Whether you're a sturdent, researcher, hobbyist, or production-level engineer, this toolkit gives you a clean, guided workflow that “**just works**”

## Quickstart

PurrfectKit aims to be plug-and-play, but a few lightweight system tools are required.

### Prerequisites

#### Linux (Ubuntu / Debian)

    # Install Python (if not already)
    sudo apt update
    sudo apt install -y python3 python3-pip
    
    # Install Tesseract OCR
    sudo apt install -y tesseract-ocr tesseract-ocr-tha
    
    # Install FFmpeg
    sudo apt install -y ffmpeg
    
    # Install libmagic
    sudo apt install -y libmagic1

#### macOS

    # Install Homebrew if missing
    /bin/bash -c "$(curl -fsSL https://raw.githubusercontent.com/Homebrew/install/HEAD/install.sh)"
    
    # Install Python
    brew install python
    
    # Install Tesseract OCR
    brew install tesseract
    
    # Install FFmpeg
    brew install ffmpeg
    
    # Install libmagic
    brew install libmagic

#### Windows

    # Install Python
    Download from the official website:
   
    [https://www.python.org/downloads/](https://www.python.org/downloads/)

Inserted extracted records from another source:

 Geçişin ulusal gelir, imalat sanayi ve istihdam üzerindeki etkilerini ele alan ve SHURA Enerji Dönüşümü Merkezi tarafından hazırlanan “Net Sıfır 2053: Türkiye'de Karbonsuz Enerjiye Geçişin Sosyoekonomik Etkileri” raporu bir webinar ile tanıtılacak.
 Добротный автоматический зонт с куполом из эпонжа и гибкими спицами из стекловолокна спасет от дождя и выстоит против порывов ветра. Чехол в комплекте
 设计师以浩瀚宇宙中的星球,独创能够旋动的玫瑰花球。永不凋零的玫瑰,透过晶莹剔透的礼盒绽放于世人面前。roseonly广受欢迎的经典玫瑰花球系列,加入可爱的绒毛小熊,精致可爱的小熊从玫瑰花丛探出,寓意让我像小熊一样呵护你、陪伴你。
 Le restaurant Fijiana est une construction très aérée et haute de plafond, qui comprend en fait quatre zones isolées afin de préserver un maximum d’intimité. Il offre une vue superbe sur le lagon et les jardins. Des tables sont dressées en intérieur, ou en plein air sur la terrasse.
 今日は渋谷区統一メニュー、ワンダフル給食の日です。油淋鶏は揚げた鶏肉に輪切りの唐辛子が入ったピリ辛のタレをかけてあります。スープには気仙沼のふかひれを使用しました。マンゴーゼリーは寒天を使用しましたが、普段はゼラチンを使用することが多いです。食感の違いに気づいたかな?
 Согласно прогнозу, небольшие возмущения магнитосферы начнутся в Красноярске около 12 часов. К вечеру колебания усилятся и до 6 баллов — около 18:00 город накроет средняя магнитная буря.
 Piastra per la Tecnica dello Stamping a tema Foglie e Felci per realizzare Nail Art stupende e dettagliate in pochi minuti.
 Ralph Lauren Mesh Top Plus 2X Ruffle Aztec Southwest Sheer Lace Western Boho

    ✔ Make sure to check “Add Python to **PATH**” during installation.

    # Install Tesseract OCR
    Download the Windows installer:

    [https://github.com/UB-Mannheim/tesseract/wiki](https://github.com/UB-Mannheim/tesseract/wiki)

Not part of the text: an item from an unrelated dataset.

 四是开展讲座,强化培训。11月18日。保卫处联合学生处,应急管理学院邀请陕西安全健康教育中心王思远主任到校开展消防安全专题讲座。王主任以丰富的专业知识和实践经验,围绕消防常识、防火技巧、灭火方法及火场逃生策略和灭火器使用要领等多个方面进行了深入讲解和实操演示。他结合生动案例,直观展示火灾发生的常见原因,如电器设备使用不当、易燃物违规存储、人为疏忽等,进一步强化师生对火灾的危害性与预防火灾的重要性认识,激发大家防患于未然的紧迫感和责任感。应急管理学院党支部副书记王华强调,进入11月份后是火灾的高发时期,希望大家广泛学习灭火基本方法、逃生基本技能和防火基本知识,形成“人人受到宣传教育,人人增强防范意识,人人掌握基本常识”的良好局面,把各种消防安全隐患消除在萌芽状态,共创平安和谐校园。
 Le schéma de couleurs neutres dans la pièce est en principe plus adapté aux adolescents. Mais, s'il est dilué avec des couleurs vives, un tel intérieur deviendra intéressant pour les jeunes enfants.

    ✔ Make sure to add the installation path to your **System PATH**



### Installation
```bash
pip install purrfectkit

```

### Usage
```python
from purrfectmeow.meow.felis import DocTemplate, MetaFile
from purrfectmeow import Suphalak, Malet, WichienMaat, KhaoManee

file_path = 'test/test.pdf'
metadata = MetaFile.get_metadata(file_path)
with open(file_path, 'rb') as f:
    content = Suphalak.reading(f, 'test.pdf')
chunks = Malet.chunking(content, chunk_method='token', chunk_size='500', chunk_overlap='25')
docs = DocTemplate.create_template(chunks, metadata)
embedding = WichienMaat.embedding(chunks)
query = WichienMaat.embedding("ทดสอบ")
KhaoManee.searching(query, embedding, docs, 2)

```

## License

PurrfectKit is released under the [MIT License](LICENSE).